(REQUIREMENT)
Repeat verbatim the lines of the data below, beginning with the line containing "စုပေါင်းစိုက်ပျိုးနေမှုကို လှည့်လည်ကြည့်ရှု အားပေးသည်။" and continuing to the end.

(RECORDED DATA)
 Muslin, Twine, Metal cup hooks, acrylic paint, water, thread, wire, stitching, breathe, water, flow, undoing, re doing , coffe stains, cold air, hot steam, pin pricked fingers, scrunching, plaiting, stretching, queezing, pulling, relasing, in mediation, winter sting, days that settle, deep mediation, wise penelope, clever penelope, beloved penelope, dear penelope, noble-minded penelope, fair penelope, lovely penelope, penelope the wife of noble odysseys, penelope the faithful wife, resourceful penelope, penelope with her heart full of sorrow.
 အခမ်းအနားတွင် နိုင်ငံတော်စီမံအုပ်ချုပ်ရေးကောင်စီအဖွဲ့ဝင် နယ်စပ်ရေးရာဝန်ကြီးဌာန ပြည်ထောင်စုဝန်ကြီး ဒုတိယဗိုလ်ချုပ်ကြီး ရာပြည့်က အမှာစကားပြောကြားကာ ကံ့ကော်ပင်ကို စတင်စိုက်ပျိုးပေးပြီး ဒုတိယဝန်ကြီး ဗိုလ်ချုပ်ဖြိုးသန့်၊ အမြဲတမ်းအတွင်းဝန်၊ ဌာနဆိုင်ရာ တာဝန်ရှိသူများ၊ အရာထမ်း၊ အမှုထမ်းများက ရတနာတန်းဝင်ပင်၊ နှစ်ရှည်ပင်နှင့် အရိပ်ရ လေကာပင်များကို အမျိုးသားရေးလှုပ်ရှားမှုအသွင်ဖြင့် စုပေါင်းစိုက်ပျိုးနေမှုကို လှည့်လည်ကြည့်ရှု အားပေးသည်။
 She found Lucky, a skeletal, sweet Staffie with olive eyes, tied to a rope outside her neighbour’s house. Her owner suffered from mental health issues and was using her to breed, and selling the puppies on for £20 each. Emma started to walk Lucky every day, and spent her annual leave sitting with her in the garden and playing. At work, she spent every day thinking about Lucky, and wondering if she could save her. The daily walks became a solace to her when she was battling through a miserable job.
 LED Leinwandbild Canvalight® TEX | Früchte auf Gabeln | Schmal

(WRITTEN ANSWER)
 အခမ်းအနားတွင် နိုင်ငံတော်စီမံအုပ်ချုပ်ရေးကောင်စီအဖွဲ့ဝင် နယ်စပ်ရေးရာဝန်ကြီးဌာန ပြည်ထောင်စုဝန်ကြီး ဒုတိယဗိုလ်ချုပ်ကြီး ရာပြည့်က အမှာစကားပြောကြားကာ ကံ့ကော်ပင်ကို စတင်စိုက်ပျိုးပေးပြီး ဒုတိယဝန်ကြီး ဗိုလ်ချုပ်ဖြိုးသန့်၊ အမြဲတမ်းအတွင်းဝန်၊ ဌာနဆိုင်ရာ တာဝန်ရှိသူများ၊ အရာထမ်း၊ အမှုထမ်းများက ရတနာတန်းဝင်ပင်၊ နှစ်ရှည်ပင်နှင့် အရိပ်ရ လေကာပင်များကို အမျိုးသားရေးလှုပ်ရှားမှုအသွင်ဖြင့် စုပေါင်းစိုက်ပျိုးနေမှုကို လှည့်လည်ကြည့်ရှု အားပေးသည်။
 She found Lucky, a skeletal, sweet Staffie with olive eyes, tied to a rope outside her neighbour’s house. Her owner suffered from mental health issues and was using her to breed, and selling the puppies on for £20 each. Emma started to walk Lucky every day, and spent her annual leave sitting with her in the garden and playing. At work, she spent every day thinking about Lucky, and wondering if she could save her. The daily walks became a solace to her when she was battling through a miserable job.
 LED Leinwandbild Canvalight® TEX | Früchte auf Gabeln | Schmal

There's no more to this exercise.